Below this line are records; write out exactly the lines from the one containing "衢州職業(yè)技術(shù)學(xué)院黨委副書(s" through the one containing "14K Solid Gold", with the pictures left out.

**Material for this task:**
--------------------

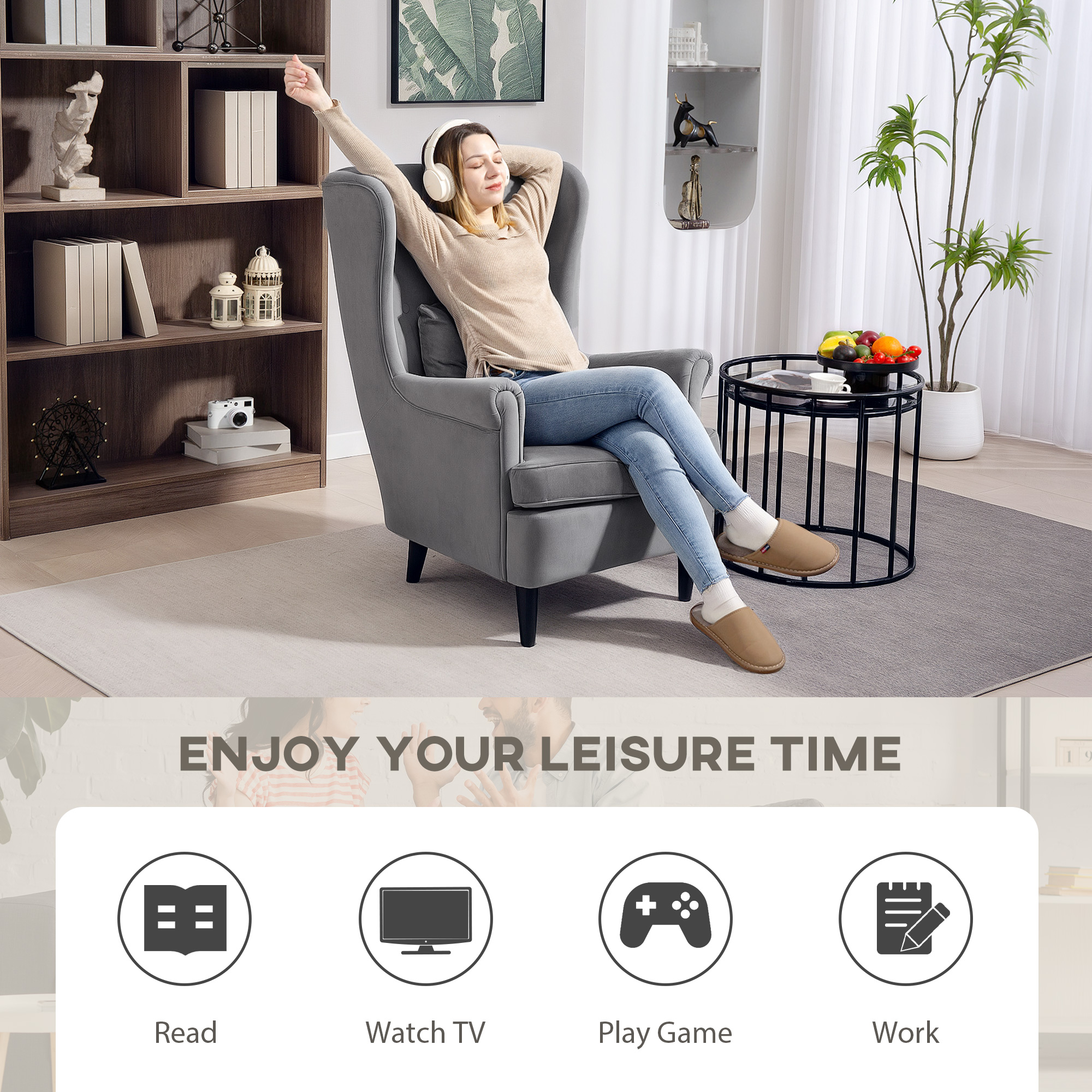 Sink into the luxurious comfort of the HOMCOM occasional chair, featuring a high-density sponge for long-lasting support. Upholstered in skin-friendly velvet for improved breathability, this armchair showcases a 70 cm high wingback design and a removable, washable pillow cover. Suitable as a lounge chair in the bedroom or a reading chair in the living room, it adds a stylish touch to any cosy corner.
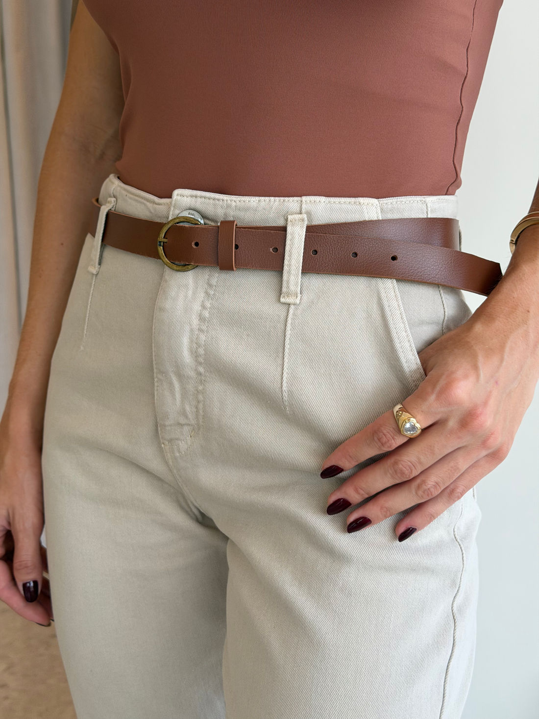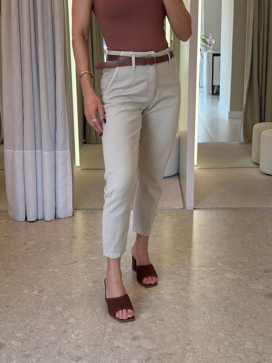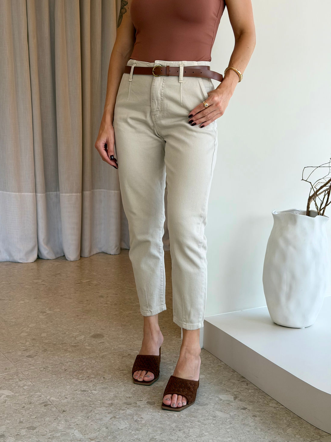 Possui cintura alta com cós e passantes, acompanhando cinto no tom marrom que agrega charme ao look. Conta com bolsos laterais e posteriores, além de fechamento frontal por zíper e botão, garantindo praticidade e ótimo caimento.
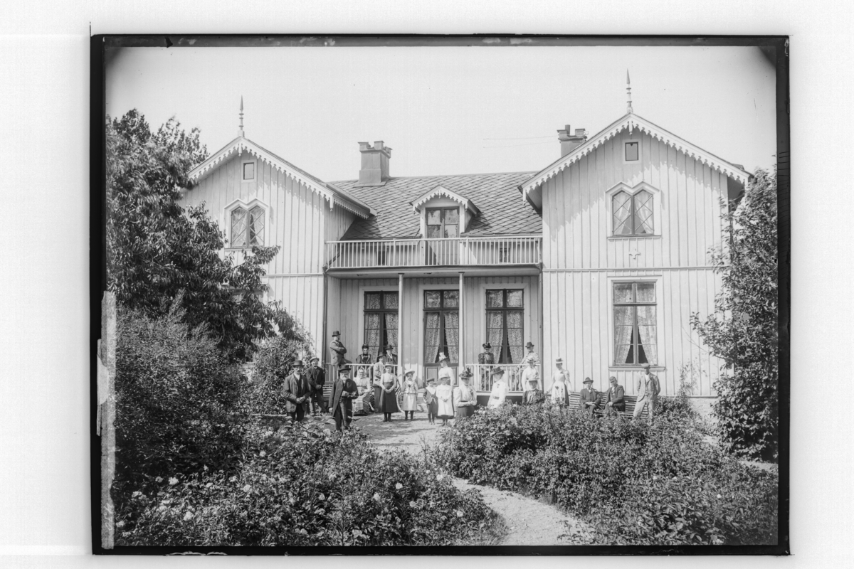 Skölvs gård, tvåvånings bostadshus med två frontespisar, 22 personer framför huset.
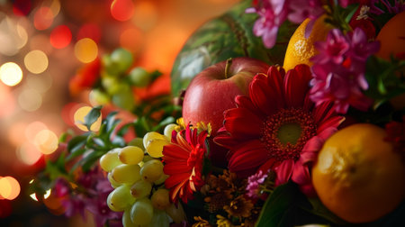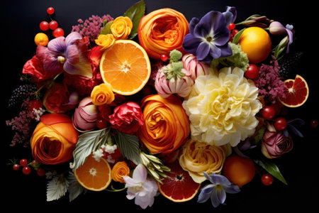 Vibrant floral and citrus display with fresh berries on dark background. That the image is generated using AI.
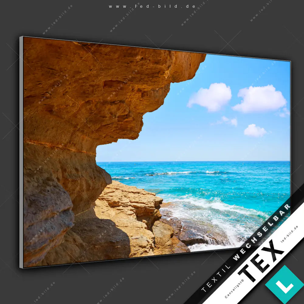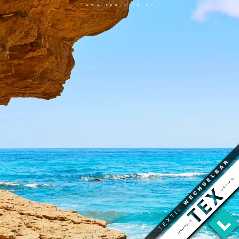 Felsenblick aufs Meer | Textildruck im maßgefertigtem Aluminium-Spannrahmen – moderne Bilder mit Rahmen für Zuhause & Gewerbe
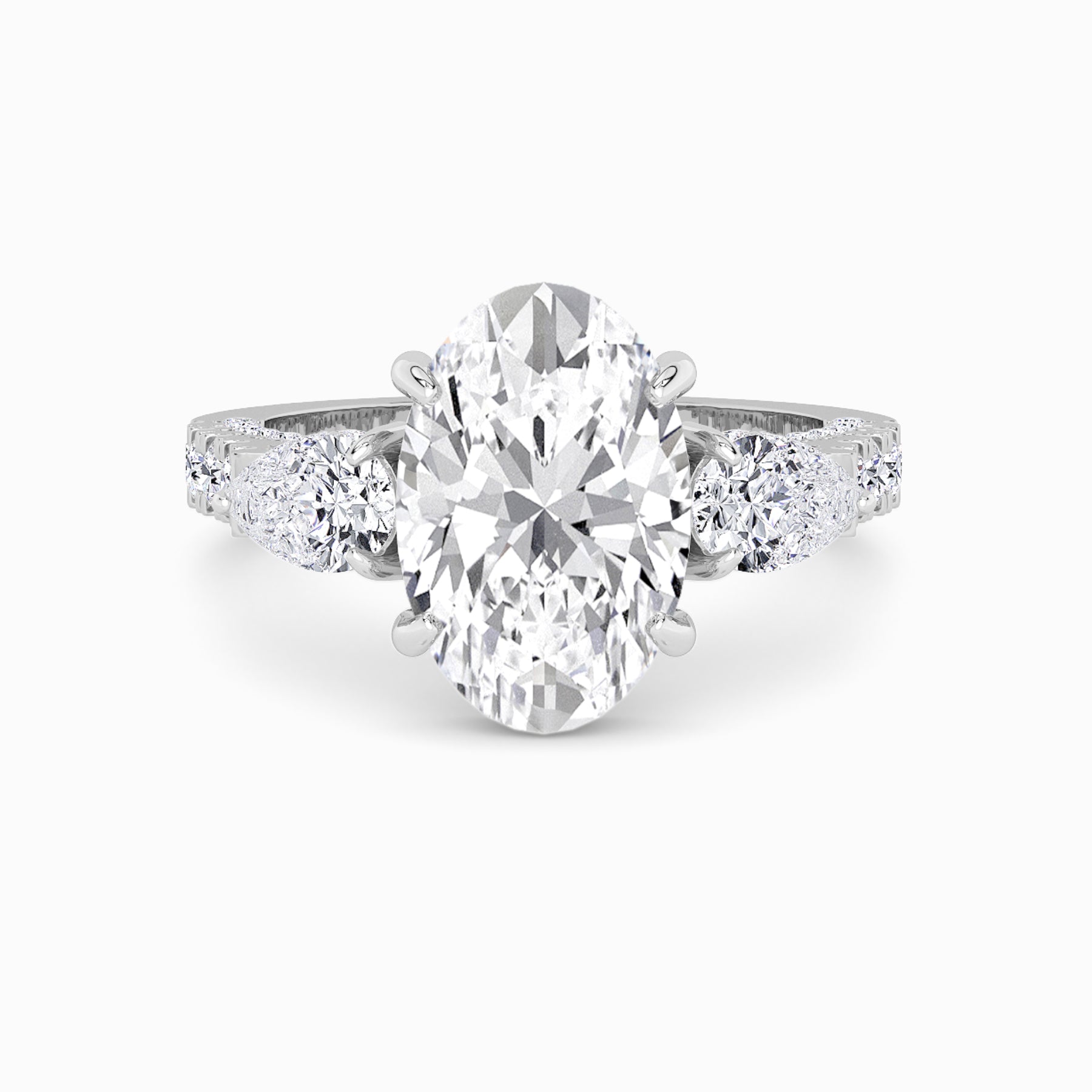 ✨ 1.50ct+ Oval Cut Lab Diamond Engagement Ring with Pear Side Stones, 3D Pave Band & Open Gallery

--------------------

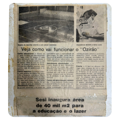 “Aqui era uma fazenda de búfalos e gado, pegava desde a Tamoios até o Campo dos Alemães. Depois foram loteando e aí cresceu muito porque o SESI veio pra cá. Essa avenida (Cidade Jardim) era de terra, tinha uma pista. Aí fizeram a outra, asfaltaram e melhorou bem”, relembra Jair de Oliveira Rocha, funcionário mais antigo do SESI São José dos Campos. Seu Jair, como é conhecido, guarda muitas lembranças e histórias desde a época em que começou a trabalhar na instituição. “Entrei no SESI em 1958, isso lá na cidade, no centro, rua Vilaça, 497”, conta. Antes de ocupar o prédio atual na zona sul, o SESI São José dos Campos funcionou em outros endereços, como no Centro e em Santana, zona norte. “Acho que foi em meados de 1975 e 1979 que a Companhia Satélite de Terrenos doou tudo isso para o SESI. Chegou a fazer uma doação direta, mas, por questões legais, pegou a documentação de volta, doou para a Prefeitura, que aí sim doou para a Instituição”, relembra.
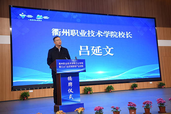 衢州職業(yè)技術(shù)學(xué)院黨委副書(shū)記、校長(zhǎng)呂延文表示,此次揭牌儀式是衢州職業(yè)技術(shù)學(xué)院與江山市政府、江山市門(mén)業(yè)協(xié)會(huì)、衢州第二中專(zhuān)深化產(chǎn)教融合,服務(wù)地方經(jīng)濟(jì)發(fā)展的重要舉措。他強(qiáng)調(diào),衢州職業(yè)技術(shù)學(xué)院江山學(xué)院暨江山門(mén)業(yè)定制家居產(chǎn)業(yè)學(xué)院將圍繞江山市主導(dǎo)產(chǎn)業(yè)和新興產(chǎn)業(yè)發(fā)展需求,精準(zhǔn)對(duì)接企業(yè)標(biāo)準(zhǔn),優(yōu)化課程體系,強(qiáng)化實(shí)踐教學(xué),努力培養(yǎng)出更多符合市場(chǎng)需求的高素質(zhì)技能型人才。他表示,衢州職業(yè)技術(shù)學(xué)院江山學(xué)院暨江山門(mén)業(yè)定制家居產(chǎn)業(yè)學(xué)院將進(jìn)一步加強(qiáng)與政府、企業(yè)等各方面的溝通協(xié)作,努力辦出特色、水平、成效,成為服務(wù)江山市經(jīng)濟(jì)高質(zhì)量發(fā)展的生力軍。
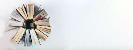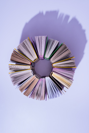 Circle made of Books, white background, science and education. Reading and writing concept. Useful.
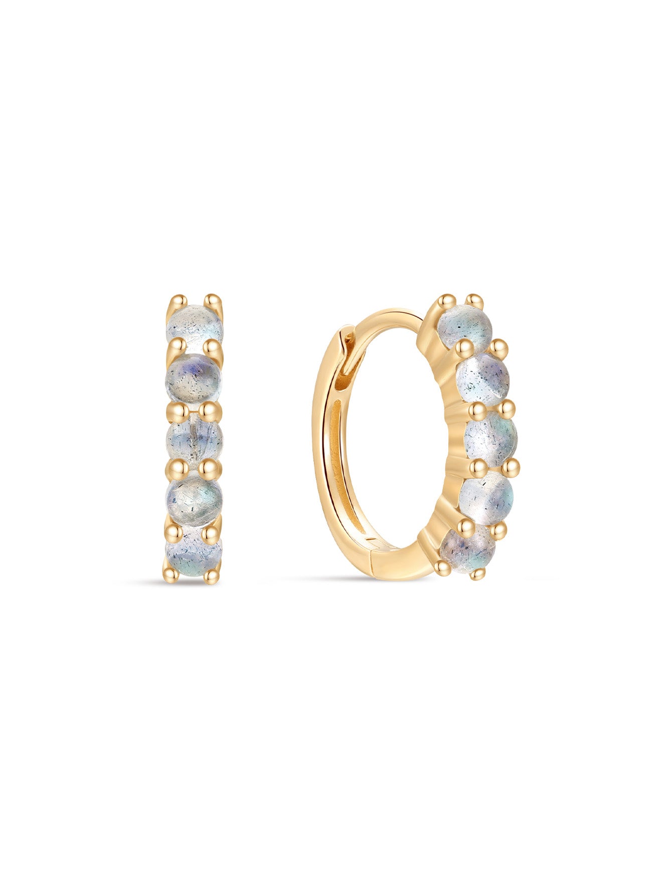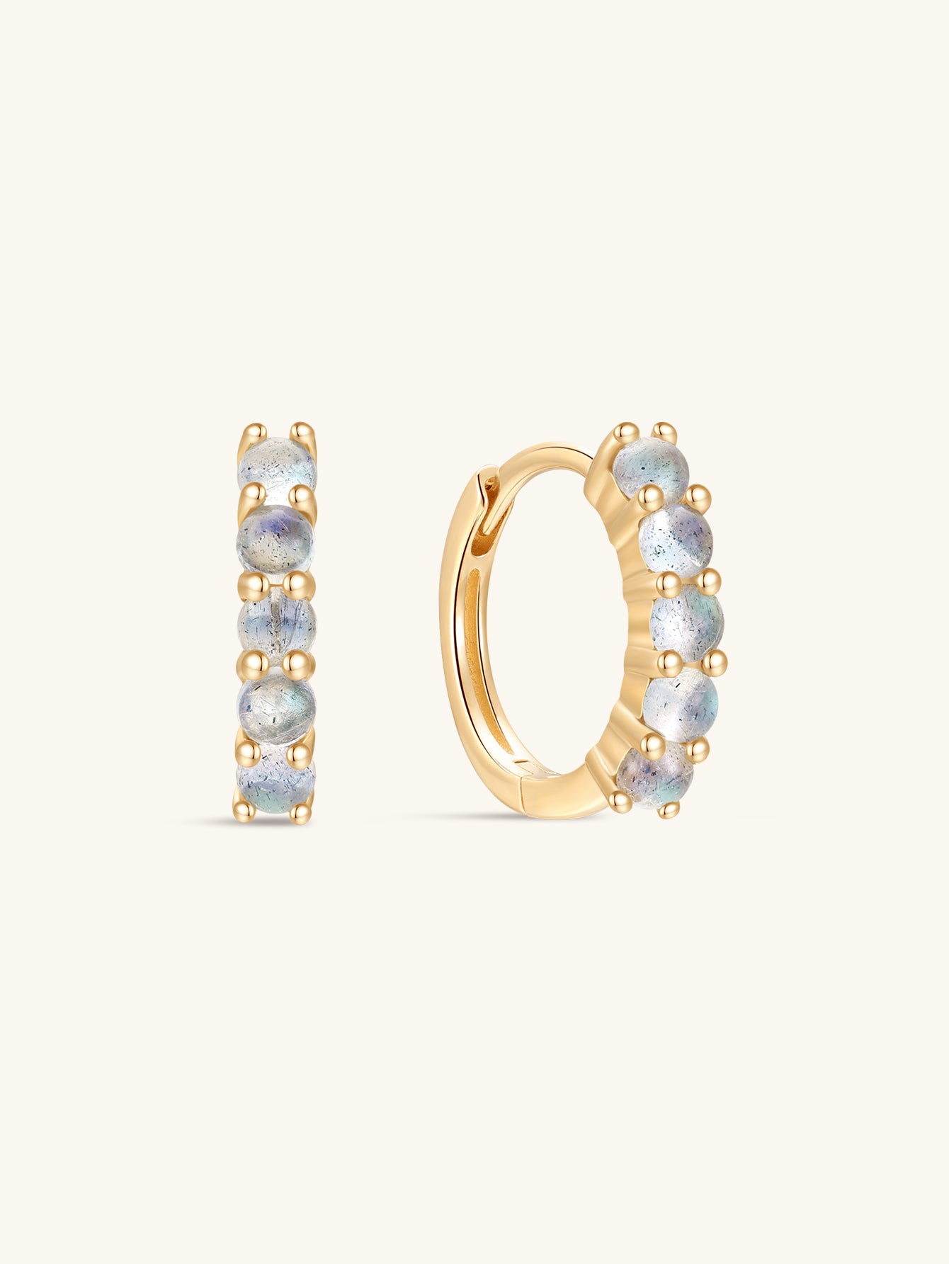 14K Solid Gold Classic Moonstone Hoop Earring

--------------------

**Answer box:**
 衢州職業(yè)技術(shù)學(xué)院黨委副書(shū)記、校長(zhǎng)呂延文表示,此次揭牌儀式是衢州職業(yè)技術(shù)學(xué)院與江山市政府、江山市門(mén)業(yè)協(xié)會(huì)、衢州第二中專(zhuān)深化產(chǎn)教融合,服務(wù)地方經(jīng)濟(jì)發(fā)展的重要舉措。他強(qiáng)調(diào),衢州職業(yè)技術(shù)學(xué)院江山學(xué)院暨江山門(mén)業(yè)定制家居產(chǎn)業(yè)學(xué)院將圍繞江山市主導(dǎo)產(chǎn)業(yè)和新興產(chǎn)業(yè)發(fā)展需求,精準(zhǔn)對(duì)接企業(yè)標(biāo)準(zhǔn),優(yōu)化課程體系,強(qiáng)化實(shí)踐教學(xué),努力培養(yǎng)出更多符合市場(chǎng)需求的高素質(zhì)技能型人才。他表示,衢州職業(yè)技術(shù)學(xué)院江山學(xué)院暨江山門(mén)業(yè)定制家居產(chǎn)業(yè)學(xué)院將進(jìn)一步加強(qiáng)與政府、企業(yè)等各方面的溝通協(xié)作,努力辦出特色、水平、成效,成為服務(wù)江山市經(jīng)濟(jì)高質(zhì)量發(fā)展的生力軍。
 Circle made of Books, white background, science and education. Reading and writing concept. Useful.
 14K Solid Gold Classic Moonstone Hoop Earring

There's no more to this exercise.